Washington Post: Does Trump’s Mexico City policy ban funds to groups that ‘even mention’ abortion?
“…Trump plans to reduce global aid overall. Draft executive orders obtained by the New York Times showed a termination of funding ‘for any United Nations agency or other international body that meets any one of several criteria’ — including organizations that support programs that fund abortions. In general, the executive branch has broad discretion over foreign affairs and foreign aid. So in theory, Trump could decide to expand the policy to strip the previous exclusions (i.e., the exceptions for rape, incest, and life of the mother) or even ban an organization that ‘even mentions abortion.’ But until the regulation is written and entered into the Federal Register, it would be pure conjecture to say how the policy will change under Trump…” (Lee, 1/26).
Yahoo Beauty: 8 Not-So-Obvious Ways the Global Gag Rule Can Harm Women
“…In response to Trump’s executive order, nearly 140 diverse advocacy organizations issued a joint open statement. ‘Countries around the world are making significant progress in improving women’s health,’ it said, ‘and the global gag rule undermines that momentum.’ … To break it down into eight points of harm…” (Uffalussy, 1/25).

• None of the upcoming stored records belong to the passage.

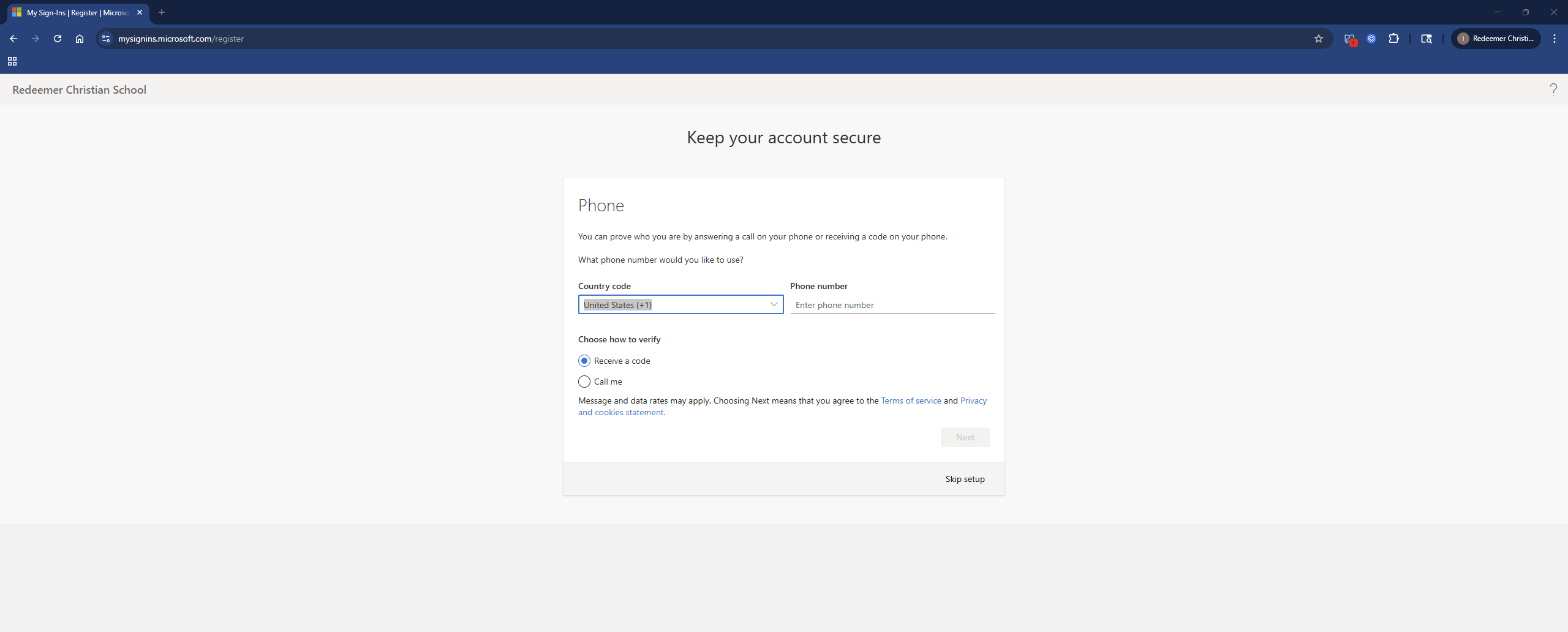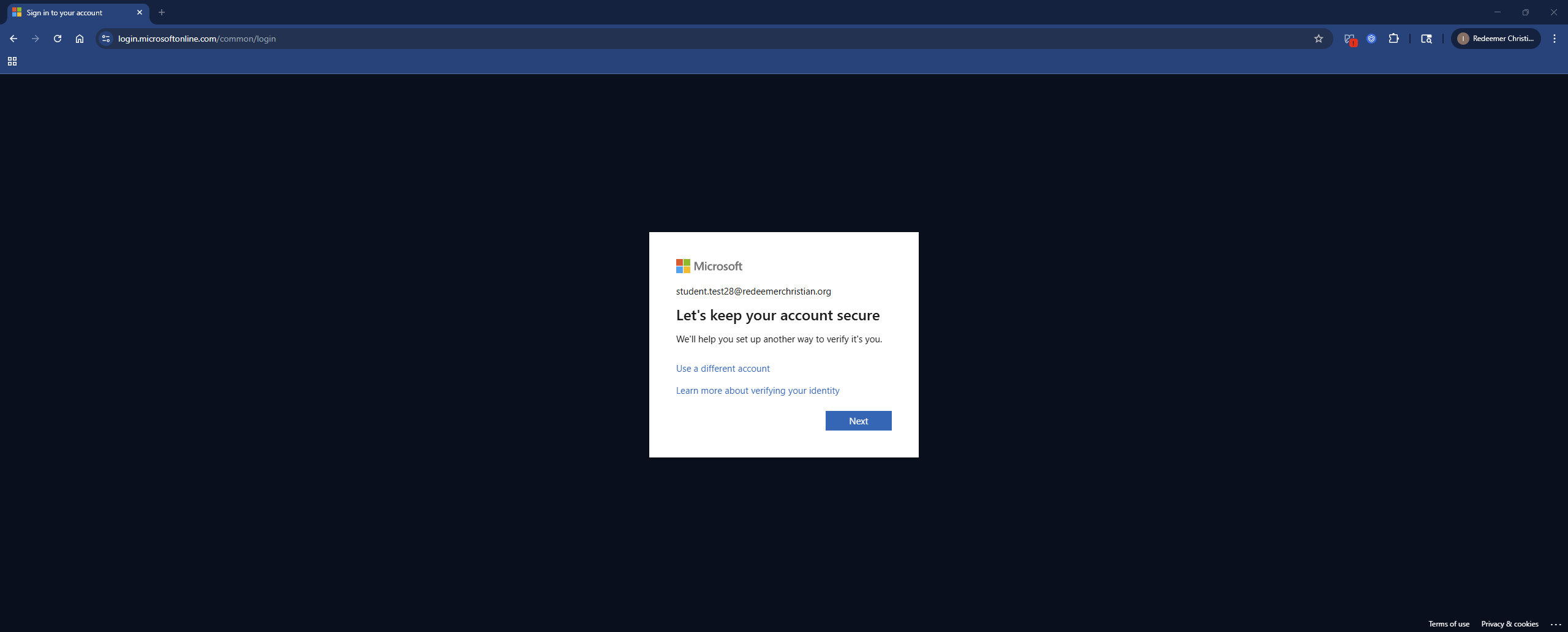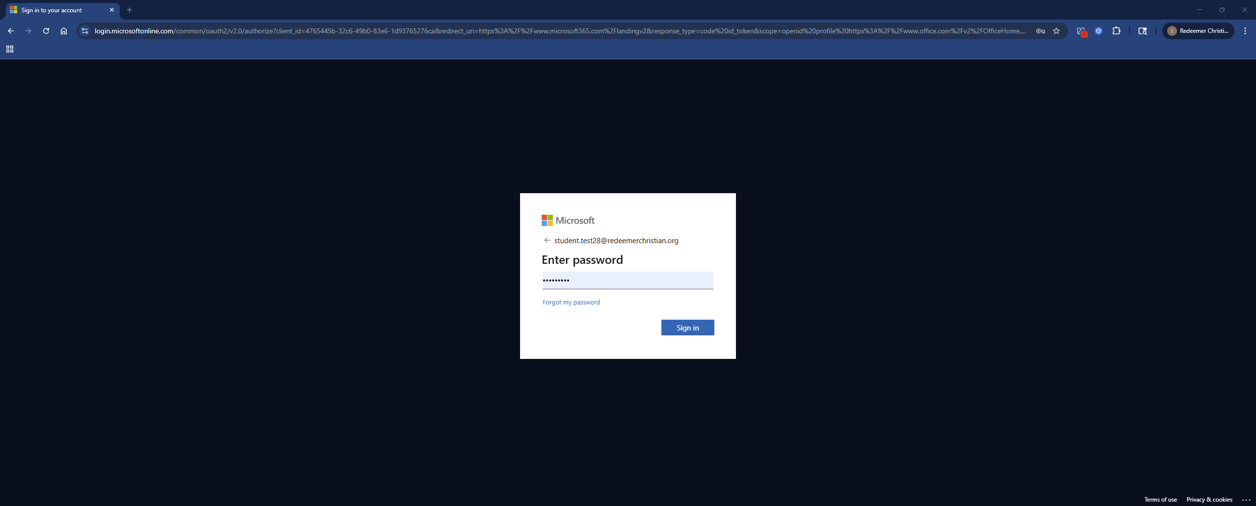 Naming convention is: first.last30@redeemerchristian.org, where first is your student first name, last is student last name, and the last two digits of your graduation year. In this example it is 2030.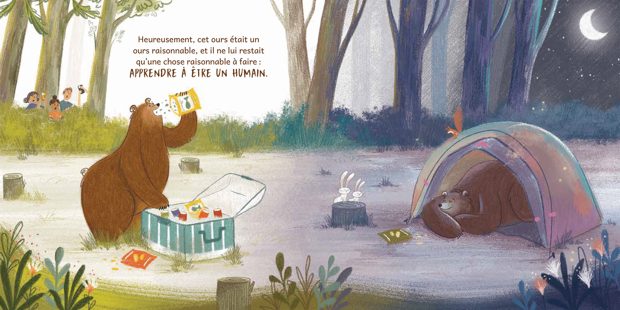Il était une fois un ours qui vivait dans une forêt et faisait toutes les choses habituelles des ours. Mais au fur et à mesure que sa maison et le monde qui l'entoure changent - moins de poissons, moins d'arbres et moins de calme - il remarque à quel point sa vie devient difficile à maintenir. La chose la plus raisonnable à faire est de s'adapter. L'ours demande donc l'aide d'une petite fille et lui demande de lui apprendre à être humain.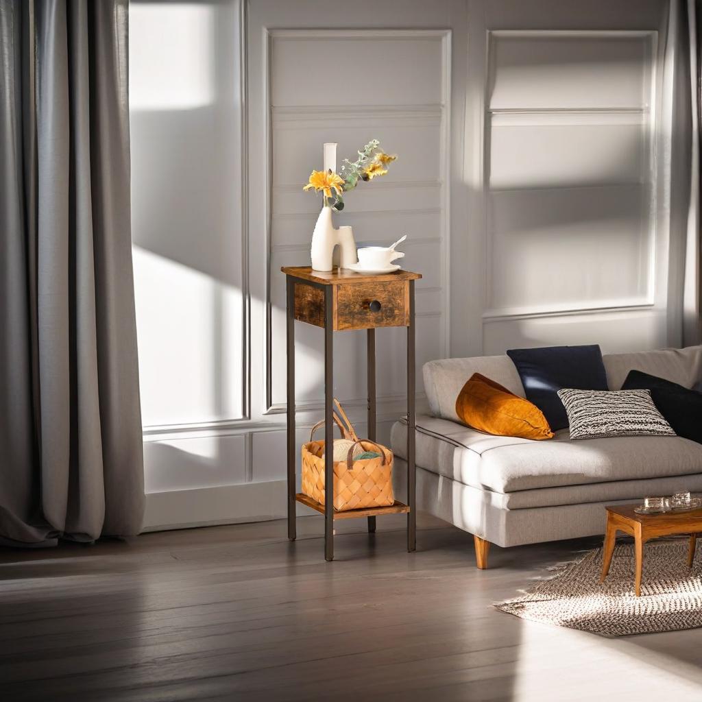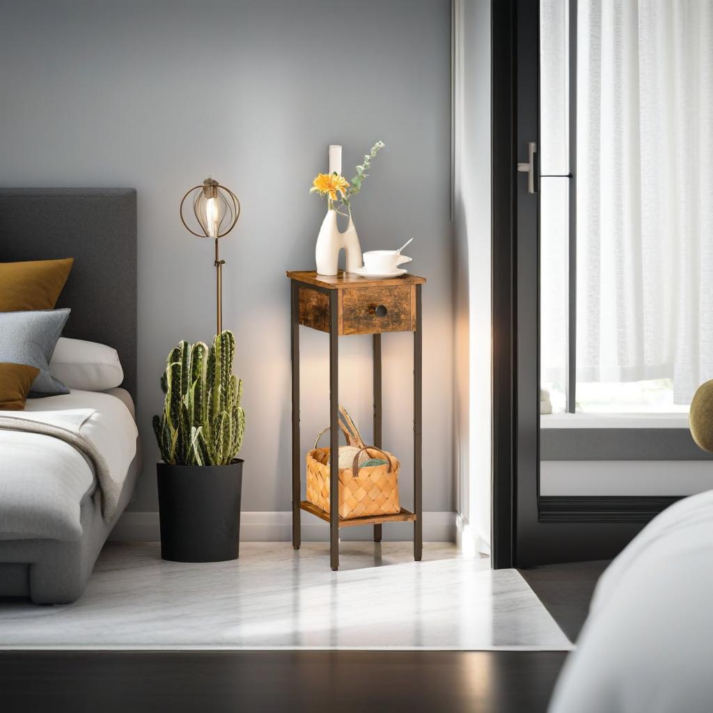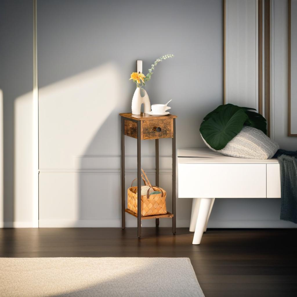 This slim bedside table is a versatile and practical addition to any room, designed to optimize storage in compact spaces. It features a functional layout with a spacious drawer, a sturdy bottom shelf, and a smooth tabletop, providing ample room to organize and display your belongings. Whether used for holding your bedtime essentials, showcasing decorative items, or storing small accessories, this table keeps everything neat and within easy reach.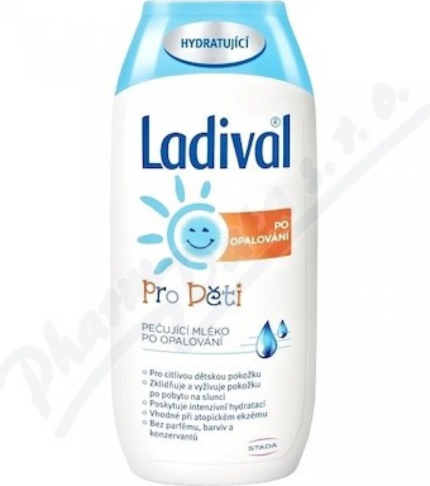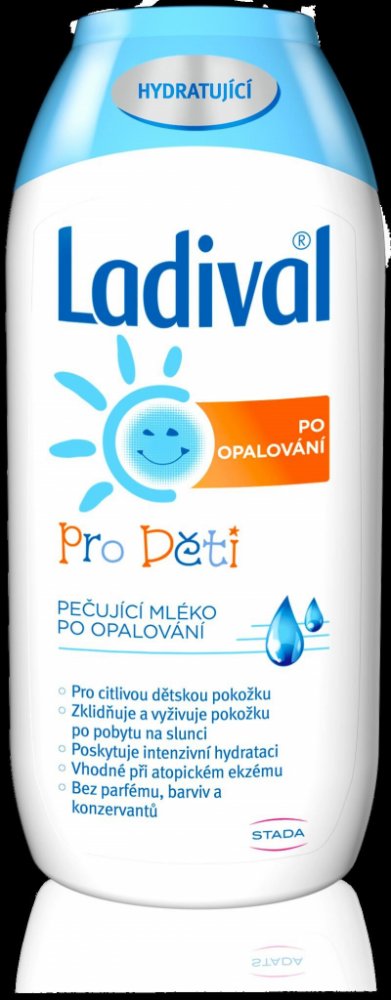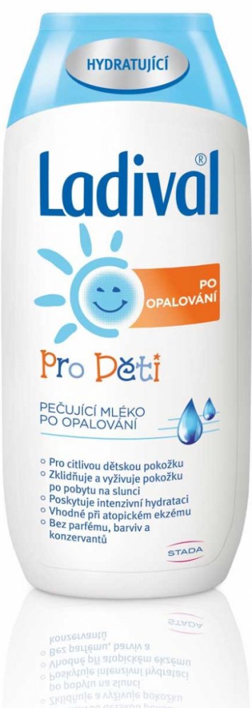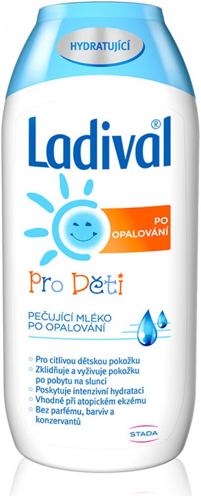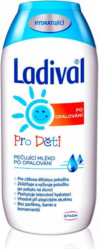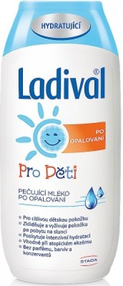 Ladival Děti po opalování pečující mléko po opalování je vhodné pro citlivou dětskou pokožku. Zklidňuje a vyživuje pokožku po pobytu na slunci a poskytuje intenzivní hydrataci. Mléko po opalování je vhodné i při atopickém ekzému. Neobsahuje parfém, barviva ani konzervanty.

Yahoo News: How global gag rule could have devastating effects for world’s most vulnerable women
“…MSI’s ability to provide health care in [Uganda’s] Kimombasa and throughout the world has been threatened now that President Trump, in one of his first moves as chief executive, reinstated the U.S.’s global gag rule, which bars foreign aid to any [foreign] NGO that offers abortion services, or even discusses abortion options, to its patients, ever. The rule is also known as the Mexico City policy, named after the host city of the U.N. International Conference on Population where the U.S. announced it in 1984…” (Conley, 1/25).
The KFF Daily Global Health Policy Report summarized news and information on global health policy from hundreds of sources, from May 2009 through December 2020. All summaries are archived and available via search.